This is one example how we can leverage the power of AI in genomics: not replacing scientific intuition, but dramatically amplifying it to navigate the vast search space of human genetic variation.

The Biological Challenge

Modern biology faces two unprecedented explosions.

Data Explosion: Whole genome sequencing can easily read a single human genome of approximately 3 billion nucleotides, with each person having 3-5 million variants that differ from one another. Single-cell RNA-seq experiments generate data from millions of cells, while various epigenome sequencing techniques can provide information for chromatin accessibility maps across millions of genomic regions. Proteomics technologies can identify hundreds of millions of peptide sequences from a single experiment.

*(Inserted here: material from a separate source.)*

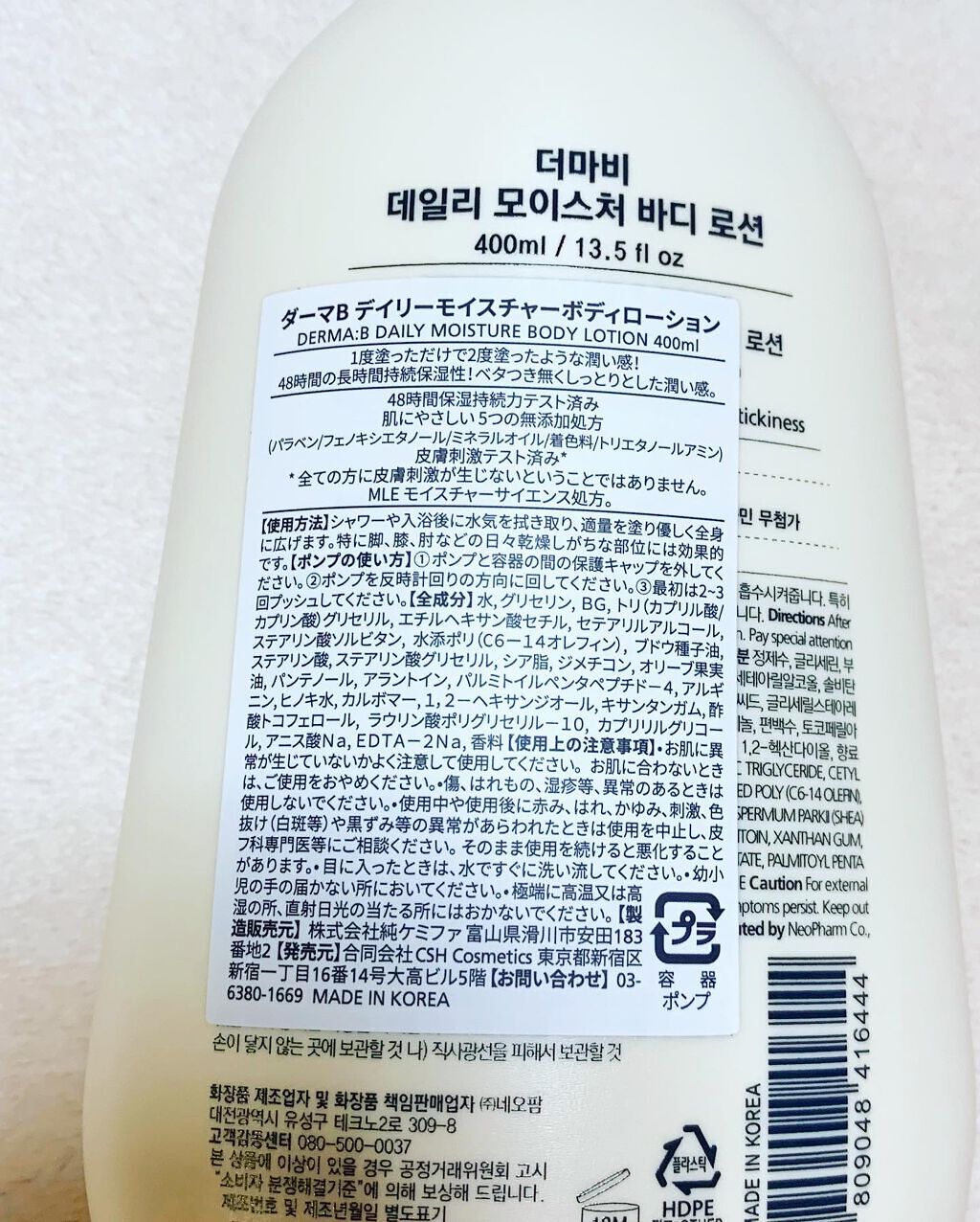 商品詳細情報Derma:B デイリーモイスチャーボディローション

Many Hypothesis to be explored: Large-scale genomics studies don’t just generate data but they also generate thousands of testable hypotheses. GWAS studies identify hundreds of loci associated with each complex trait, but most are in noncoding regions with unknown mechanisms. Genome sequencing in rare disease cohorts reveals dozens of candidate genes per patient, each requiring functional validation. Cancer genomics finds hundreds of somatic mutations per tumor, but only a subset are “driver” mutations versus neutral “passengers.” Single-cell atlases reveal thousands of cell type-specific gene expression patterns, each suggesting regulatory hypotheses. Spatial transcriptomics shows genes co-expressed in tissue neighborhoods, implicating thousands of potential cell-cell interactions.

Systems-Level Complexity: The challenge isn’t just quantity but the complexity inherent in our cells and tissues. Genes operate in networks, not isolation, and a single phenotype often involves dozens to hundreds of genes working together. Context matters profoundly: the same variant can be benign in one genetic background but pathogenic in another, and gene function depends on cell type, developmental stage, and environmental conditions. Combinatorial interactions add another layer of complexity, where two variants individually benign might be harmful together, causing the number of possible combinations to explode exponentially. Pleiotropic effects further complicate the picture: one gene affects multiple phenotypes while one phenotype is affected by multiple genes, creating a many-to-many mapping rather than a simple one-to-one relationship.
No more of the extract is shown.